-- ASSIGNMENT --
In the listing below, find the line with "채널의 생동성이 덜 한" and the line with "Die Ausstellungsfläche und", then return them and every line between them exactly, minus the pictures.
::::::::::
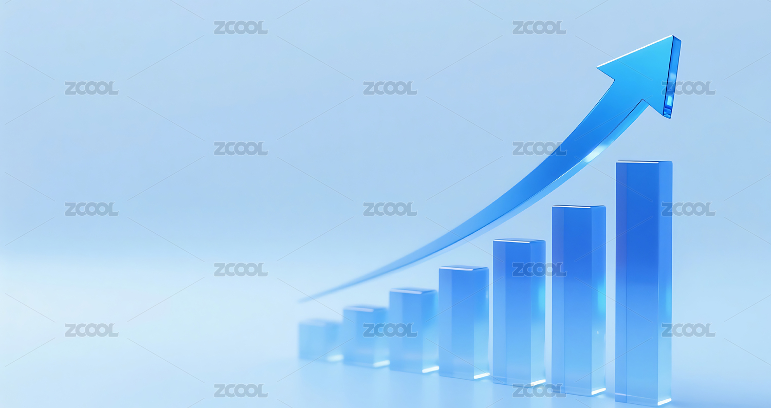 蓝色渐变玻璃质感金融柱状图增长箭头背景
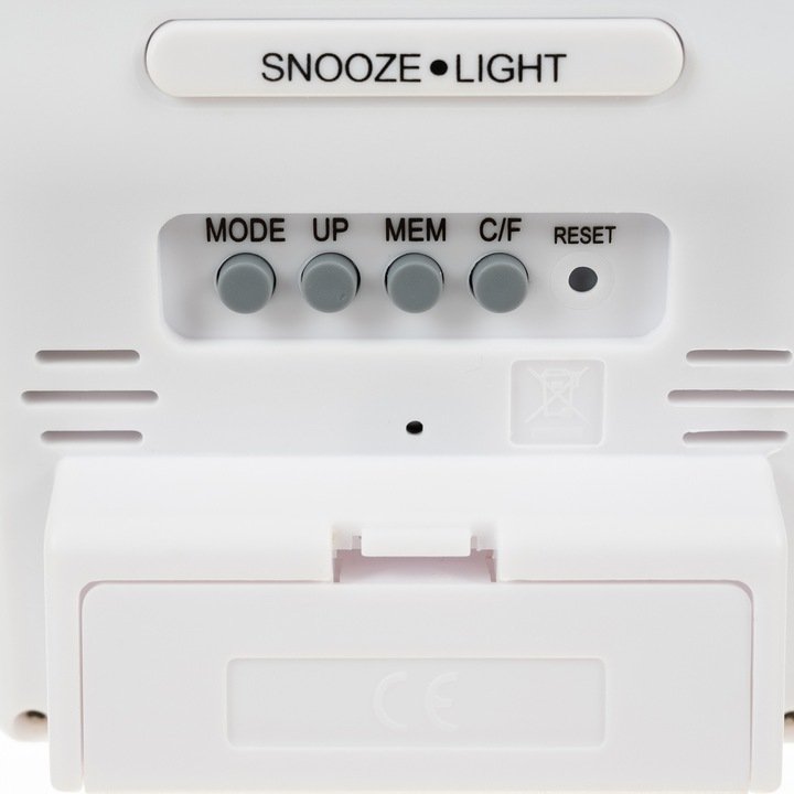 Teploměr s přehledným LCD displejem s krátkým modrým podsvícením měří vnitřní teplotu a vlhkost. Nechybí praktické hodiny s budíkem a kalendářem. Budík má funkci odložení o 8 minut.
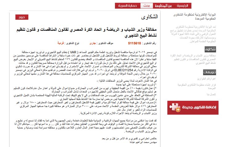 تقدم المهندس محمد عبادة مدير إدارة النظم والمعلومات باتحاد الكرة المصري سابقا، بشكوى إلى مجلس الوزراء عبر بوابة الشكاوى الموحدة، ضد الدكتور أشرف صبحي وزير الشباب والرياضة، ومسؤولي الجبلاية بسبب ما وصفه بـ"مخالفات" في مناقصة توريد وتشغيل أنظمة الفيديو المساعد “VAR”.
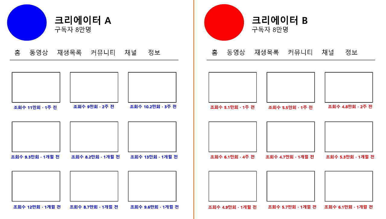 채널의 생동성이 덜 한 것이죠. 채널의 생명력엔 업로드 주기도 중요하지만, 평균 조회수 자체도 중요합니다. 똑같은 구독자라고 가정했을 때, A 채널은 평균 조회 수가 10만, B 채널은 평균 조회 수가 5만이라면 알고리즘은 A 채널을 더 추천해 줍니다. 그리고 전 이렇게 표현합니다.
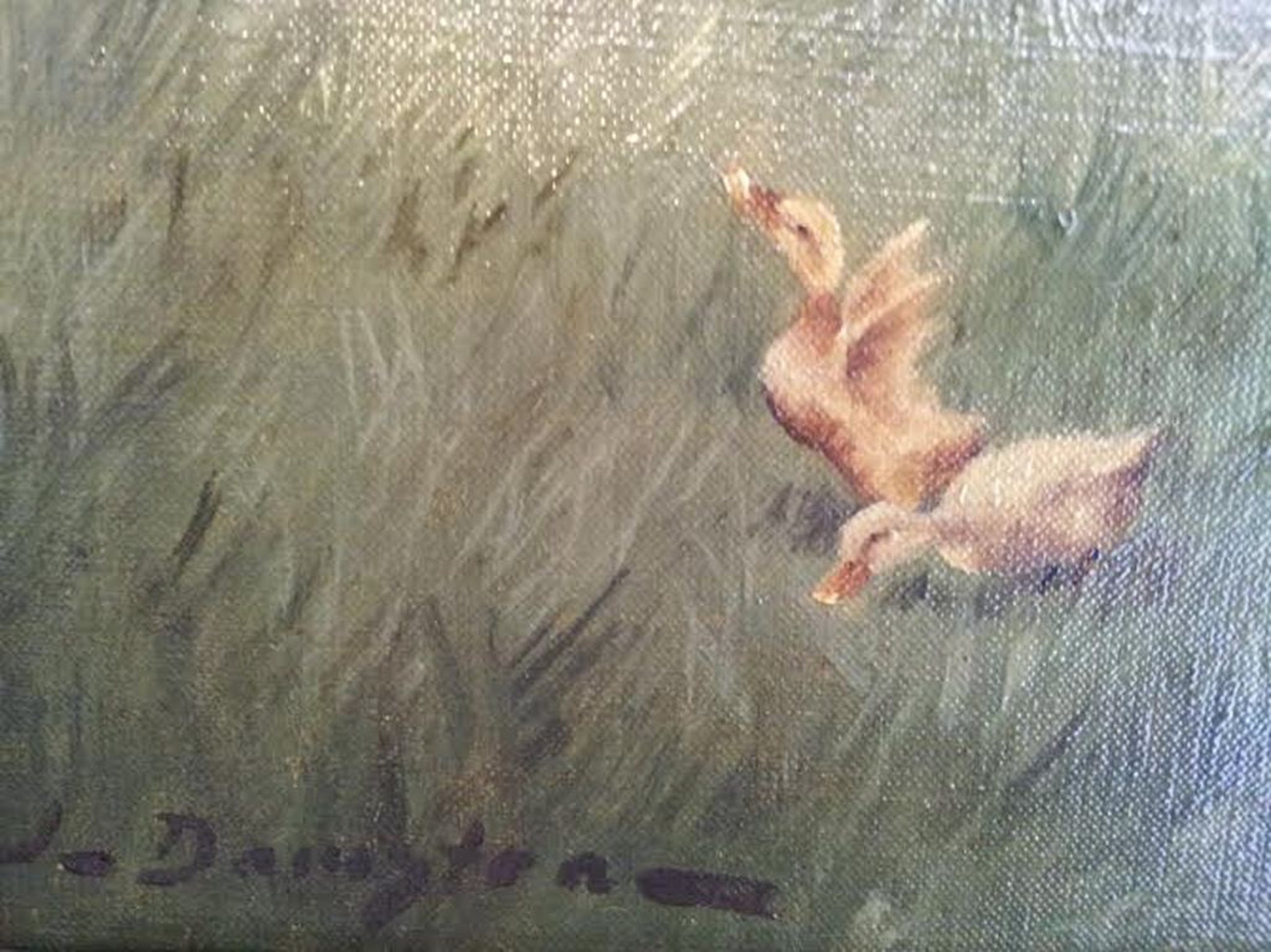 Zeer fraai werk - op doek- door J (Jeroen) Damstra. Bekend van zijn eendenschilderijen (beetje in de stijl van Constant Artz en Hendrik Breedveld). Eendenfamilie bij het water. In keurige conditie. Netjes ingelijst en ook - de houten- lijst is in prima staat, Linksonder gesigneerd. Kortom een pracht werk.
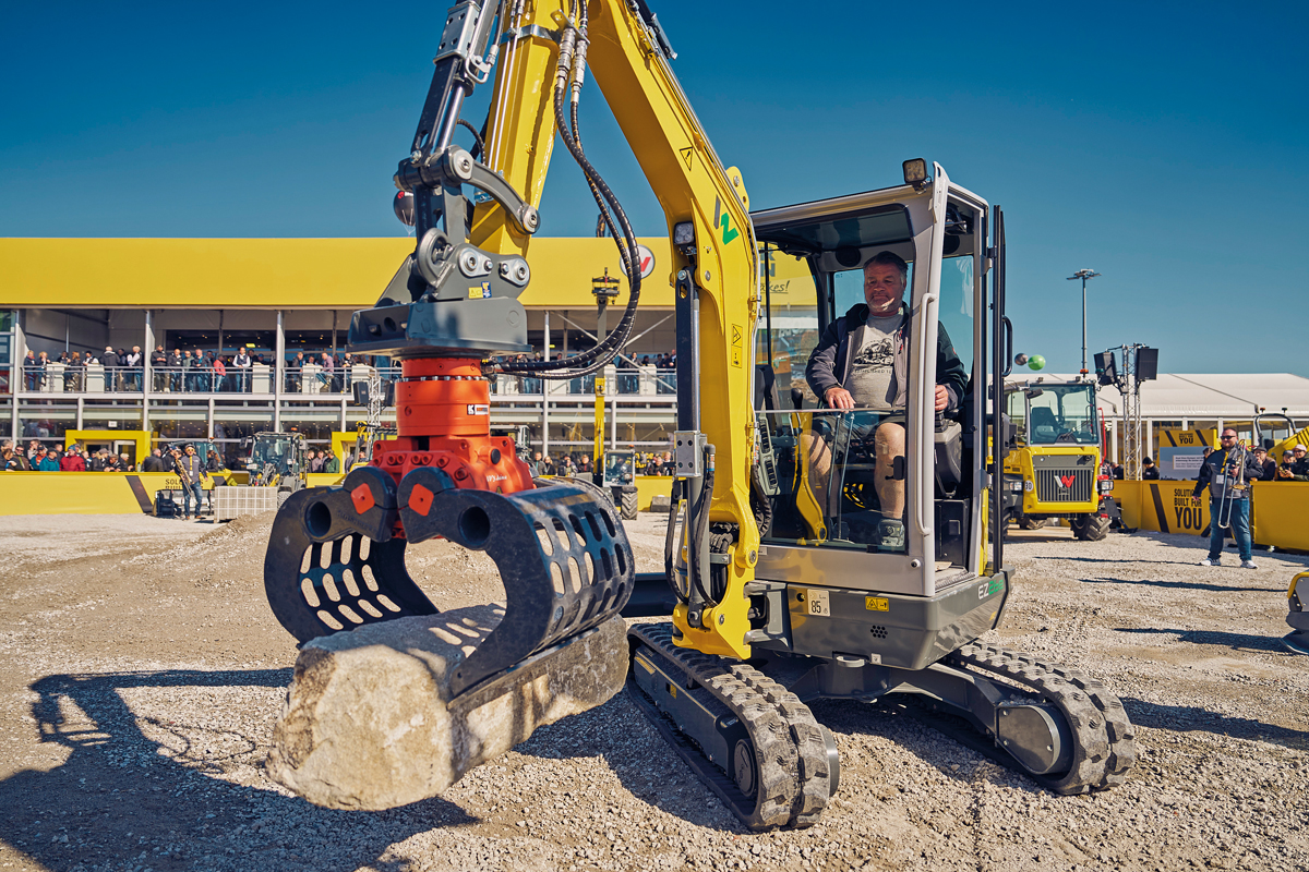 Die Ausstellungsfläche und die Demo-Arena waren bewusst anwendungsbezogen ausgerichtet. Ein sogenannter »Solutions Ring« führte die Bauma-Besucher auf einem 360°-Rundweg um den Demonstrationsbereich, wo in regelmäßigen Abständen im Rahmen einer unterhaltsamen Show die neuesten Maschinen und Geräte gezeigt wurden. Aus dem »zero emission«-Produktportfolio zeigte Wacker Neuson die beiden neuen E-Bagger »EZ26e« mit 2,6 t Nutzlast und »EZ10e« mit 1 t Nutzlast. Darüber hinaus wird erstmals eine unabhängige und TÜV-zertifizierte Batterieanalyse vorgestellt, der »Certified Battery Check«: Diese Analyse des Batteriestatus ermöglicht es Anwendern laut Wacker Neuson, den Wiederverkaufswert gebrauchter Maschinen zu steigern und über ein unabhängiges »State of Health«-Zertifikat den Batteriezustand der eigenen Maschine feststellen zu lassen.
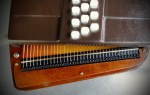 The instrument is set up as a thirty-seven string diatonic in the keys of G and D. The fifteen chord bars are arranged in three rows with the major chords in the middle, the sevenths on the top, and the minors in the bottom row. The two chord bars nearest the tail end are lock bars. One is a D lockbar that mutes the strings in the array that aren’t in the key of D (four C strings and one F). The G lockbar mutes the strings in the array not in the key of G ( two C# strings and one F). By muting the unnecessary notes the player is less likely to play them by mistake.
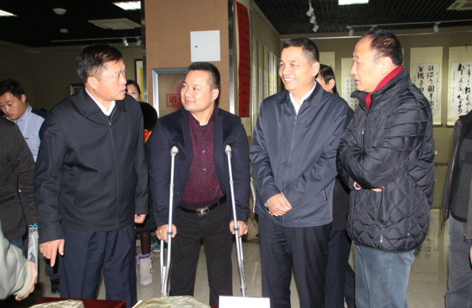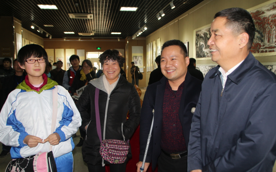 濟南市殘疾人文聯成立揭牌儀式結束后,由王勇董事長陪同領導參觀本次展覽并現場講解。展覽共有包括山東省工藝美術大師閻鐵魯、中國書畫家協會理事姚樂光、職業畫家王少毅、中國作協中國詩歌學會會員韓振廣、中國國畫院山水畫研究室副主任郭秀軍在內的百余名殘疾人參加,收集文學、書法、美術(國畫、漫畫、油畫等)、攝影、民間藝術(剪紙、扎染、石雕、葉脈畫、葫蘆等)等5類260余件文化藝術作品。
::::::::::
-- ANSWER SECTION --
 채널의 생동성이 덜 한 것이죠. 채널의 생명력엔 업로드 주기도 중요하지만, 평균 조회수 자체도 중요합니다. 똑같은 구독자라고 가정했을 때, A 채널은 평균 조회 수가 10만, B 채널은 평균 조회 수가 5만이라면 알고리즘은 A 채널을 더 추천해 줍니다. 그리고 전 이렇게 표현합니다.
 Zeer fraai werk - op doek- door J (Jeroen) Damstra. Bekend van zijn eendenschilderijen (beetje in de stijl van Constant Artz en Hendrik Breedveld). Eendenfamilie bij het water. In keurige conditie. Netjes ingelijst en ook - de houten- lijst is in prima staat, Linksonder gesigneerd. Kortom een pracht werk.
 Die Ausstellungsfläche und die Demo-Arena waren bewusst anwendungsbezogen ausgerichtet. Ein sogenannter »Solutions Ring« führte die Bauma-Besucher auf einem 360°-Rundweg um den Demonstrationsbereich, wo in regelmäßigen Abständen im Rahmen einer unterhaltsamen Show die neuesten Maschinen und Geräte gezeigt wurden. Aus dem »zero emission«-Produktportfolio zeigte Wacker Neuson die beiden neuen E-Bagger »EZ26e« mit 2,6 t Nutzlast und »EZ10e« mit 1 t Nutzlast. Darüber hinaus wird erstmals eine unabhängige und TÜV-zertifizierte Batterieanalyse vorgestellt, der »Certified Battery Check«: Diese Analyse des Batteriestatus ermöglicht es Anwendern laut Wacker Neuson, den Wiederverkaufswert gebrauchter Maschinen zu steigern und über ein unabhängiges »State of Health«-Zertifikat den Batteriezustand der eigenen Maschine feststellen zu lassen.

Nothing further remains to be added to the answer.